US regulators are coming under fire after revelations that they may have known about flaws in setting interest rates as early as 2007 when the Federal Reserve bank of New York shared its concerns about possible manipulation of Libor with UK regulators.
Libor rates are ultimately used to set rates for anything from car loans to mortgages and other securities in a market valued at $550tn. Regulators are investigating whether bankers colluded to manipulate Libor in order to make profits or avoided losses by wagering on the direction of interest rates.

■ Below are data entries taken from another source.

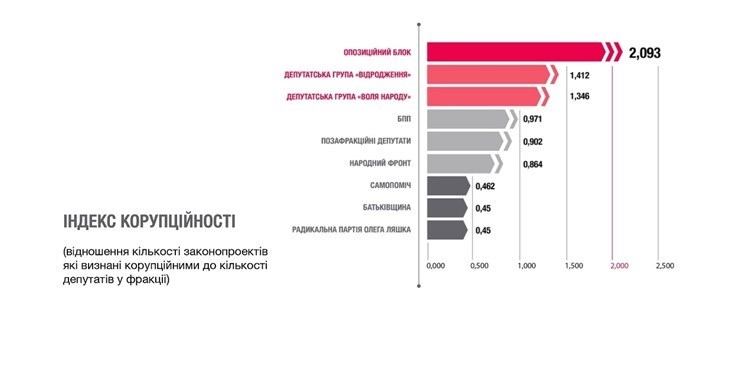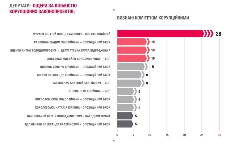 Комитет Верховной Рады по борьбе с коррупцией составил рейтинг парламентских фракций и народных депутатов, наиболее часто регистрирующих законопроекты с признаками коррупции.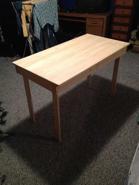 Después de esto, la arena y acabado según sea necesario. Utilizaría la mancha si se usa pino. Marcador una vez había manchado dos veces con Arce colonial Minwax y luego poner varias capas de poliuretano en. Asegúrese de que lijar entre capa y capa de poliuretano (utilicé Minwax semi-gloss). Si utiliza tinte con base de aceite, utilice aceite base poliuretano. Usé grano 320. Después de la primera aplicación tienes que lijar mucho. Si utiliza pino, usted querrá hacer múltiples capas de poliuretano por lo que la escritura no abolla la madera. Después de esto haya terminado. Sentarse en el escritorio y disfrutar.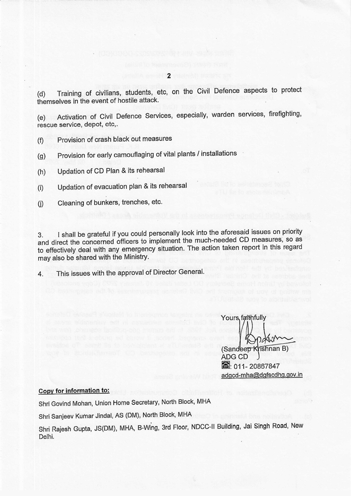 पत्र में यह भी स्पष्ट किया गया है कि यह अभ्यास किसी घबराहट का कारण नहीं है, बल्कि यह शांति काल में तैयार रहने की एक सख्त प्रक्रिया है। नागरिकों से अपेक्षा की गई है कि वे अफवाहों पर ध्यान न दें और प्रशासन द्वारा जारी दिशानिर्देशों का पालन करें। ड्रिल की सूचना पहले से प्रचारित की जा रही है ताकि कोई भ्रम या भय न फैले। इसे राष्ट्र की निष्क्रिय रक्षा नीति का अभिन्न हिस्सा माना गया है, जिसका मकसद किसी भी अप्रत्याशित संकट की स्थिति में देश को सामूहिक रूप से तैयार रखना है।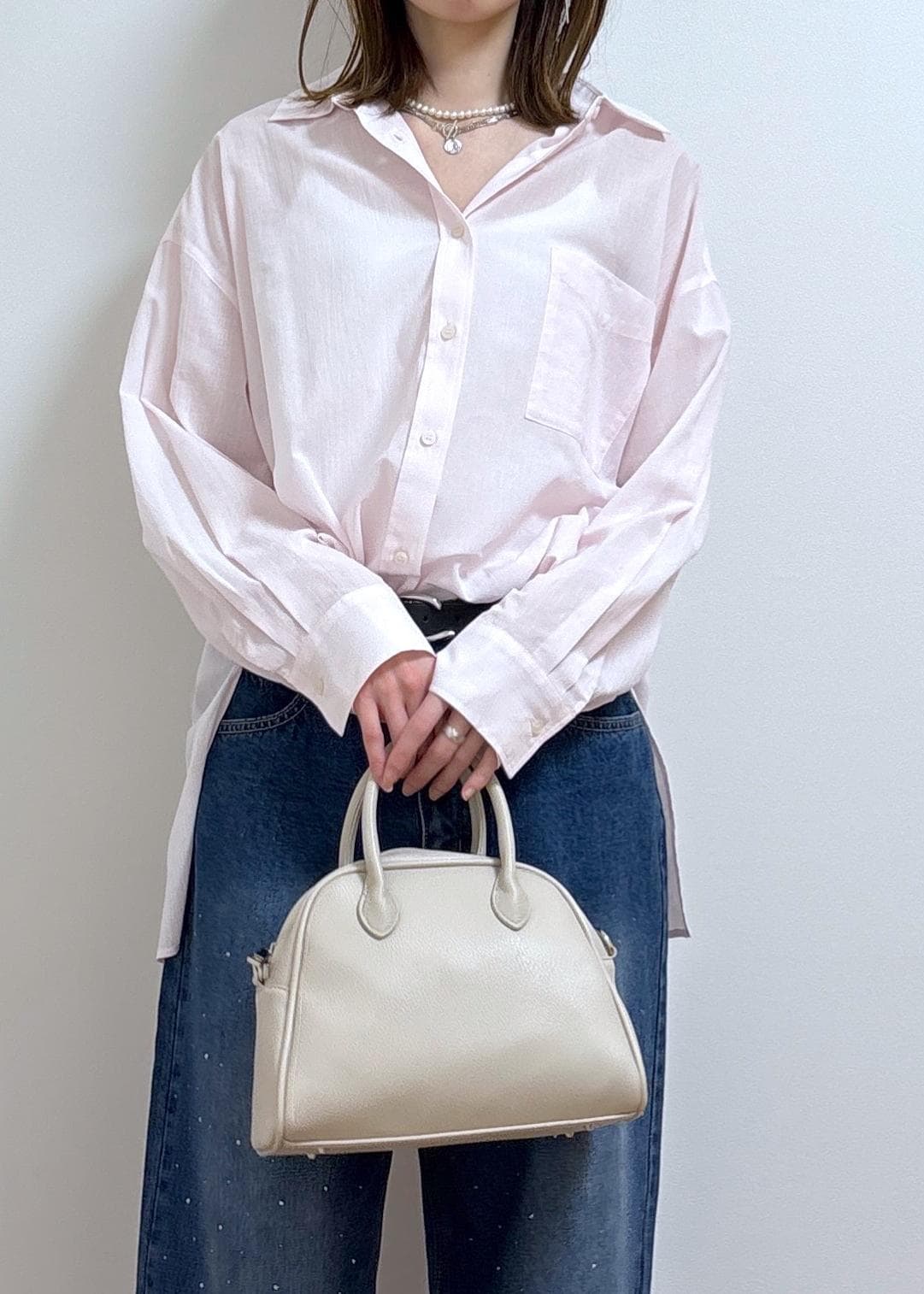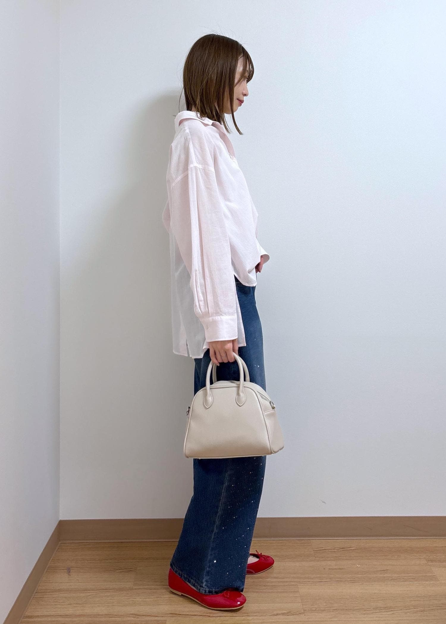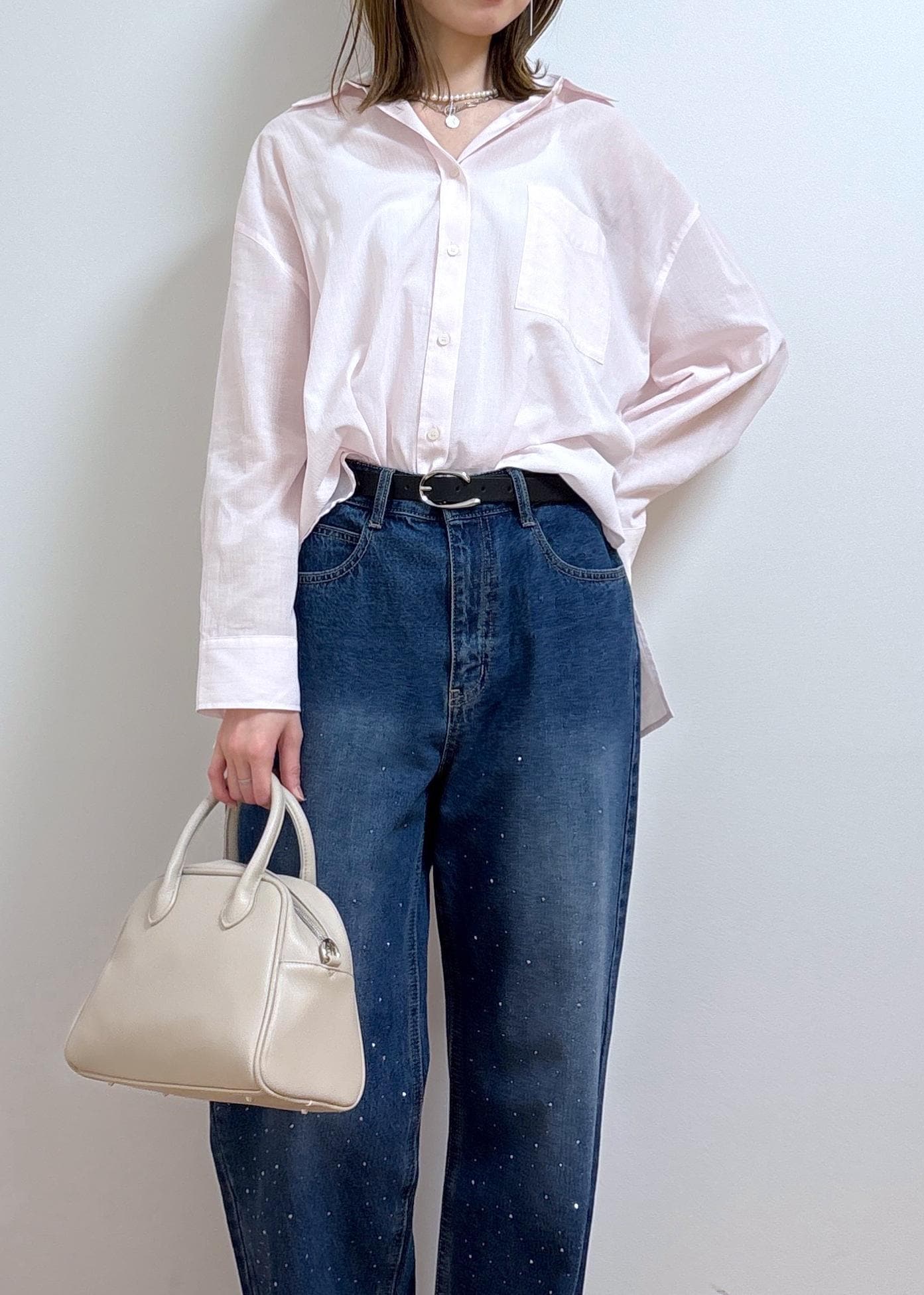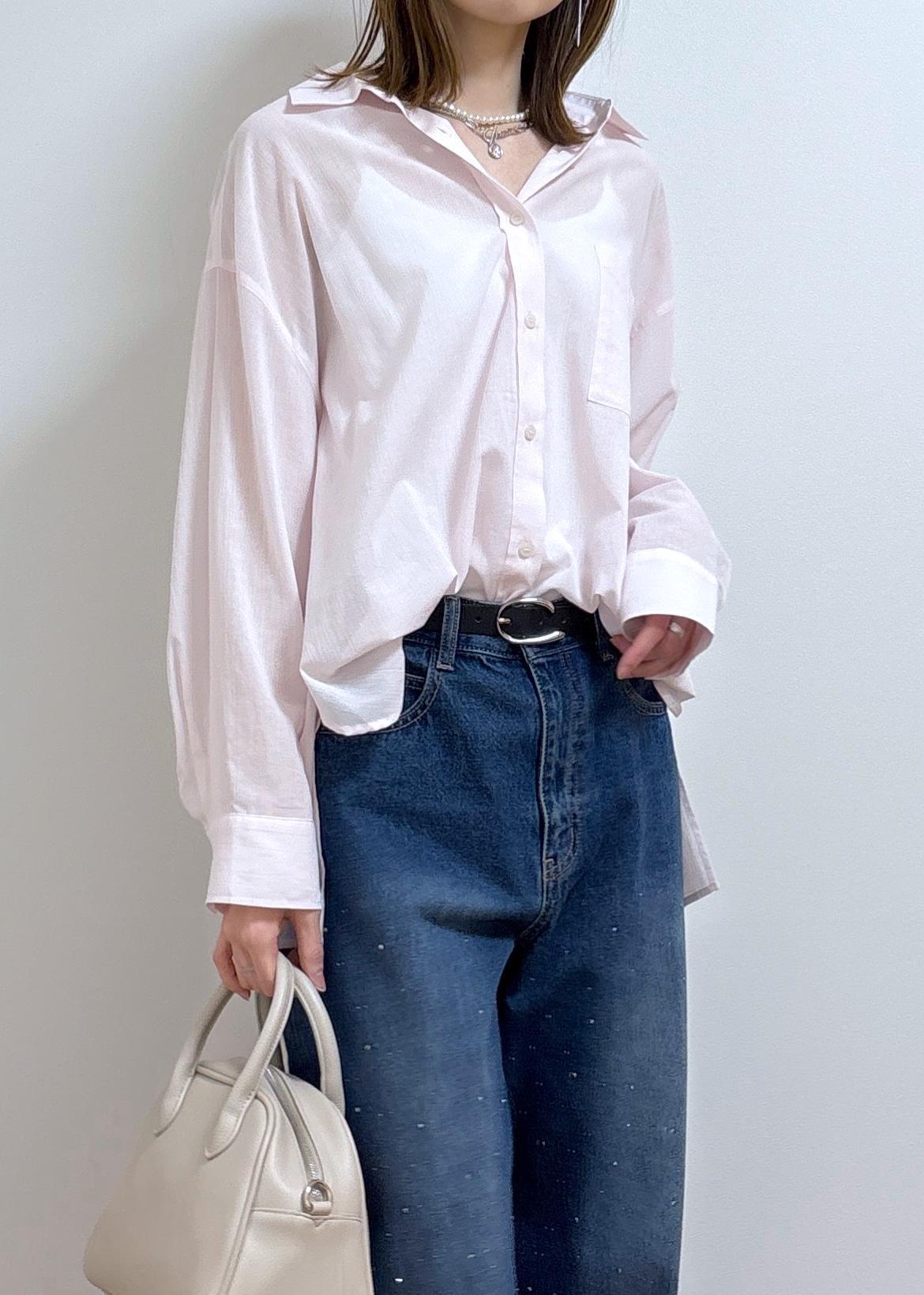淡いピンクに濃紺デニムを合わせた、春らしい大人カジュアルなスタイリングです。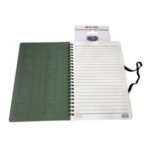 Save your thoughts, notes and plans wherever you are with this handy waterproof and tear-resistant A5 notebook. Repelling mud, oil and outdoor dirt, this book has 50 pages lined with waterproof elastic closing bands.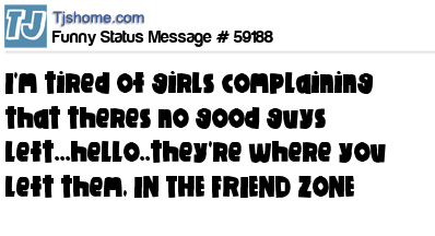 - # 79235 There are girls complaining that there's no good guys left...Hello.....they are where you left them, IN THE FRIEND ZONE
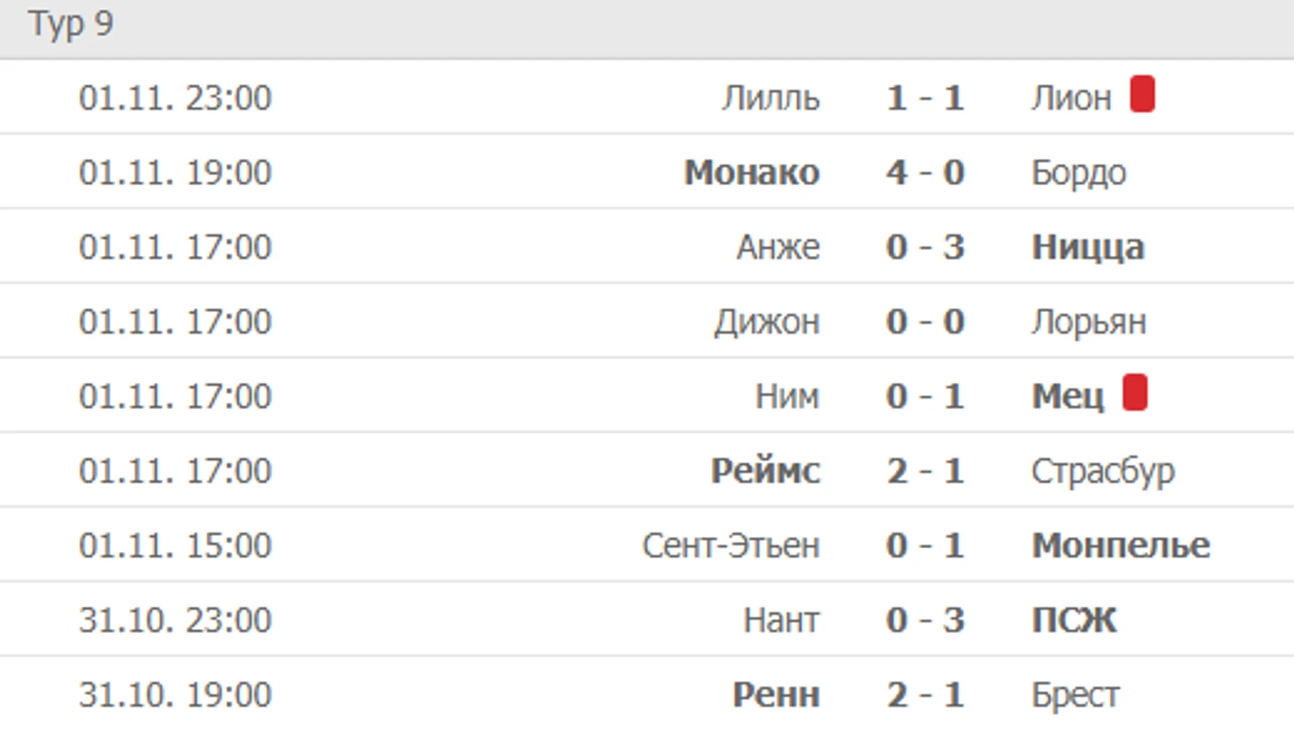 Чемпионат Франции. Лига 1. 9-й тур. Факторы разголья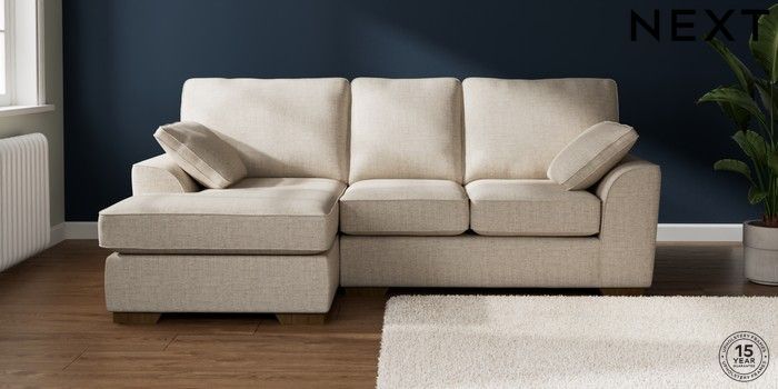 7.2.10 Buy Stamford Highback Small Sofa Chaise - Left Hand Chunky Weave Mid Natural Large Square Angle - Mid from the Next UK online shop Click here to use our accessible website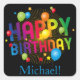 Colourful Happy Birthday Square Sticker. Party supplies for your special birthday party.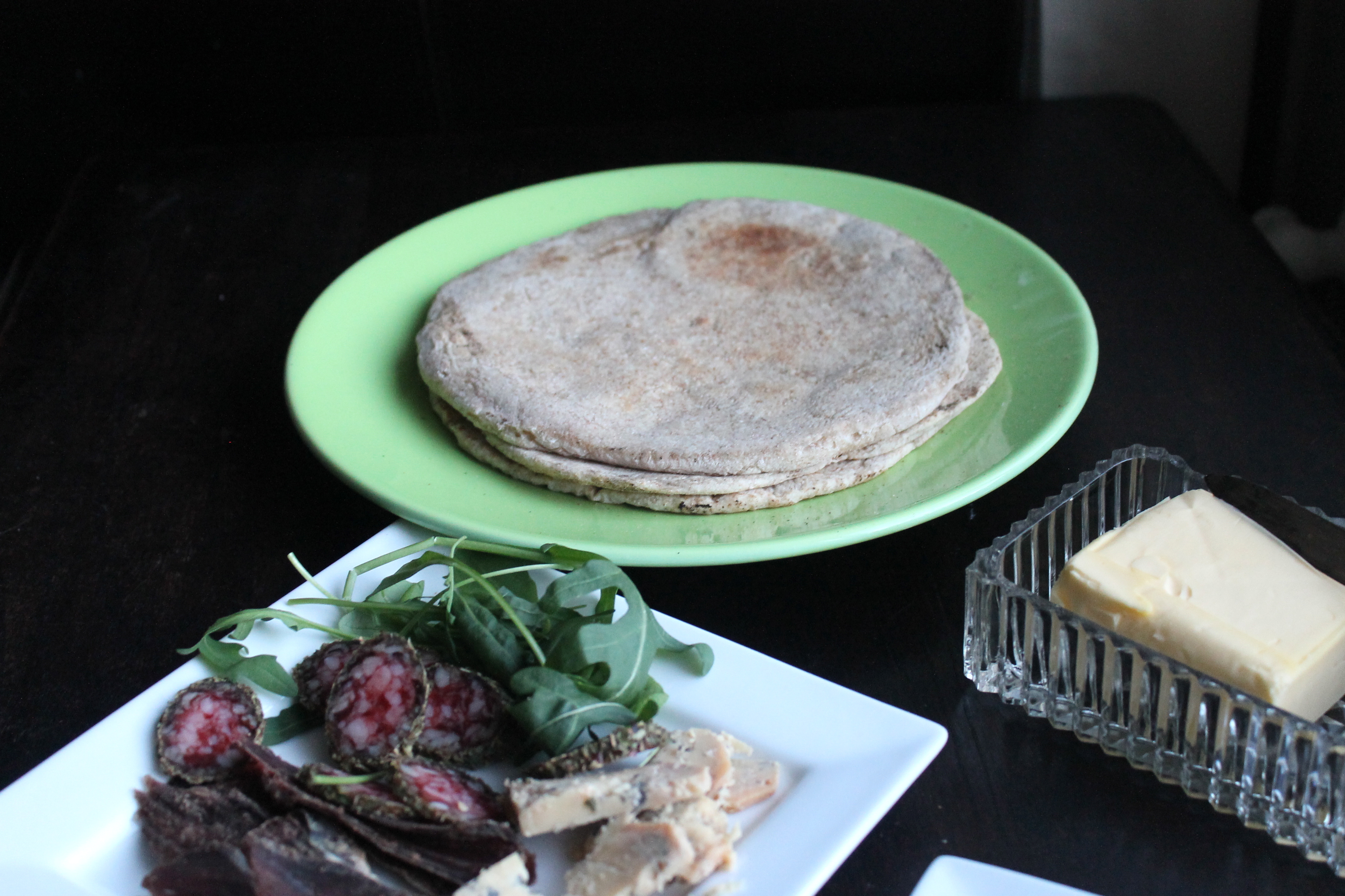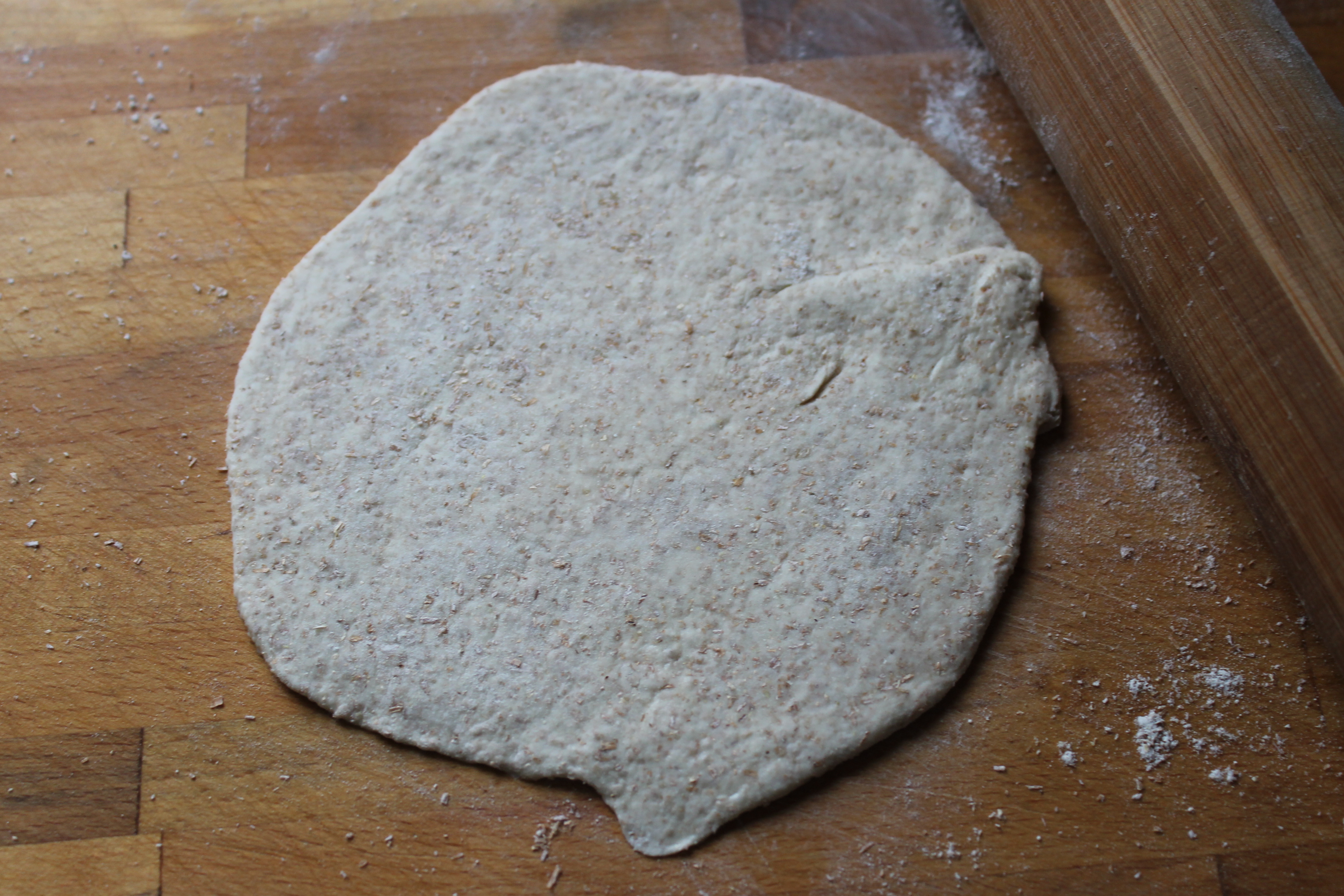 Hér kemur lýsing á tvenns konar flatbrauði (ekki mjög ólíku þó) sem ég hef bakað nýlega. Ég notaði í báðum tilvikum bara deig sem ég átti; annað var úr brauðhveiti og heilhveiti til helminga, hitt var ef ég man rétt eingöngu heilhveiti – þó getur verið að það hafi verið smávegis brauðhveiti í því líka. Annars var þetta bara grunnuppskriftin, 750 ml vatn, 1 msk ger, um 1 kg af mjöli (hveiti, brauðhveiti, heilhveiti, spelt, og má svo blanda einhverju rúgmjöli eða öðrum brauðgerðarefnum saman við eftir smekk) og rúmlega matskeið af salti.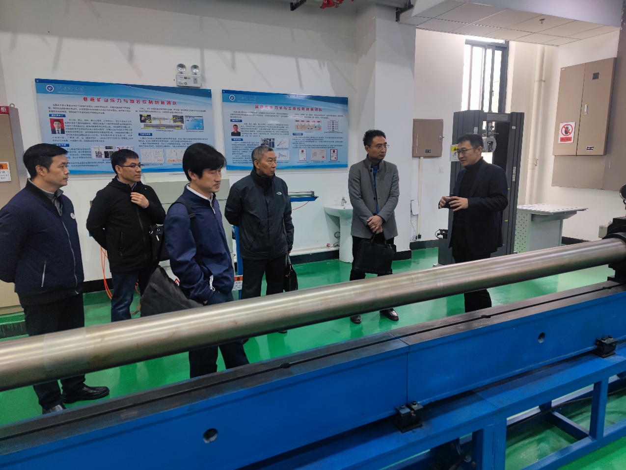 由科技处王兴国副处长主持带领专家组成员参观国际联合实验室,具体由郭文兵院长、南华教授、张盛教授及实验室老师参与实验室讲解,重点讲解了重点实验室大楼西配楼一楼的“SHPB动态测试系统实验室、冰基温控相似模拟试验台实验室、支护材料性能试验机、GCTS多功能岩石力学试验机”黑料718 的“综采综掘实训实验室、煤矿安全开采虚拟仿真实验室、现代化矿井、三轴流变实验室、深井瓦斯抽采与围岩控制实验室”以及Syd. S Peng院士工作室、外籍科学家工作室等。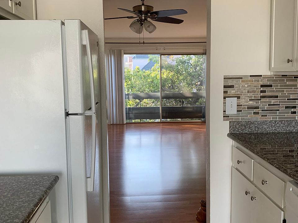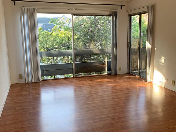 Need a bigger place to work from home? Huge top floor corner unit, with large balcony and windows. Great building, close to everything. Sunny and quiet 1 bedroom/1bath, totally remodeled with laminate flooring, large combination living and dining (or office), eat-in kitchen with new appliances and pantry, glass tile backsplash and granite countertops, two hallways closets and huge wall-to-wall closet in bedroom. Linen closet and separate sink/shower area in bathroom. Washer and dryer on each floor. Gated parking available. One year lease. One reserved parking space in gated garage available for $90/month. Cats are ok for additional fee. Owner pays for water, trash, landscaping and recycling and composting.

Barclays last month agreed to pay $453m to British and US authorities to settle allegations that it manipulated Libor. More than a dozen other banks including Citigroup, HSBC and JP Morgan Chase are being investigated for their roles in setting Libor rates.
The scandal has so far led to the ousting of Barclays' top three executives and caused a political firestorm in the UK.
New York Fed officials quizzed executives at Barclays in 2007. The bank has considerable operations in the US and bought the core assets of bankrupt Lehman Brothers bank in 2008.
Geithner, former New York Fed president, even held a meeting on April 28 2008 titled "Fixing Libor" that was attended by other Fed officials.
In a statement a New York Fed spokesman said: "In the spring of 2008, following the failure of Bear Stearns and shortly before the first media report on the subject, we made further inquiry of Barclays as to how Libor submissions were being conducted. We subsequently shared our analysis and suggestions for reform of Libor with the relevant authorities in the UK."
Darrell Duffie, a Stanford University finance professor and Libor expert, said he expected more banks to be fined as the full extent of the scandal emerges. "At present we just don't know whether Barclays was fined first because it was the most egregious case or because it was the most co-operative," he said.
Duffie said he expected regulators on both sides of the Atlantic to face mounting criticism. "Collectively the regulatory community didn't push as hard as it should have on this issue even though they have clearly been following it from the beginning," he said.